= François Werlé =

 François Jean Werlé (6 September 1763, Soultz-Haut-Rhin - 16 May 1811) was a Général de Brigade of the First French Empire who saw action during the Napoleonic Wars and died fighting against the British during the Peninsular War.

== Early career ==

Werlé received the rank of Chef de Brigade on 25 March 1799 and promoted to Général de Brigade on 29 August 1803. He commanded a brigade in Jean-Baptiste Drouet, Comte d'Erlon's division of Marshal Jean-Baptiste Bernadotte's I Corps at the Battle of Austerlitz. Still serving as an I Corps brigadier, he played a role in the Battle of Schleiz on 9 October 1806, clearing a forest of Prussian outposts. He participated in the pursuit of the Prussian Army after Emperor Napoleon's army defeated it at the Battle of Jena–Auerstedt. He participated in the defeat of Duke Eugen of Württemberg's corps at the Battle of Halle on 17 October. Later, he was in on the defeat and capture of Gebhard Leberecht von Blücher's column in the Battle of Lübeck on 6 November.

== Peninsular War ==

In November 1809, Werlé led a Polish division in IV Corps at the decisive French victory at the Battle of Ocaña.

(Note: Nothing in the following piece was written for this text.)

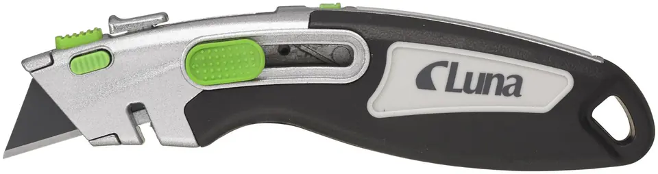 Nóż uniwersalny, model bezpieczny wzmocniony, z dwiema opcjami wysuwania ostrza: przycisk z boku do blokady stałej i przycisk od góry, zapewniający powrót sprężynowy ostrza (nóż bezpieczny). Posiada ostre wybranie do szybkiego ucinania taśmy/sznura. Obudowa ze stopu cynku z miękkimi ergonomicznymi detalami z gumy, zwiększającymi wygodę użytkowania. W rękojeści magazynek ostrzy. Dostarczany z ostrzem SK2H. Otwór do dołączenia zabezpieczenia narzędzia.

His 5,600-man brigade (actually the size of a division) formed the French reserve at the Battle of Albuera. He was killed in that battle when Marshal Soult sent the reserve into the battle. After a bitter firefight with Lowry Cole's British division, Werlé's French soldiers were defeated.

Aside from his military rank, Werlé became a Commander of the Légion d'Honneur on 14 June 1804, and was made a Baron of the Empire on 27 November 1808.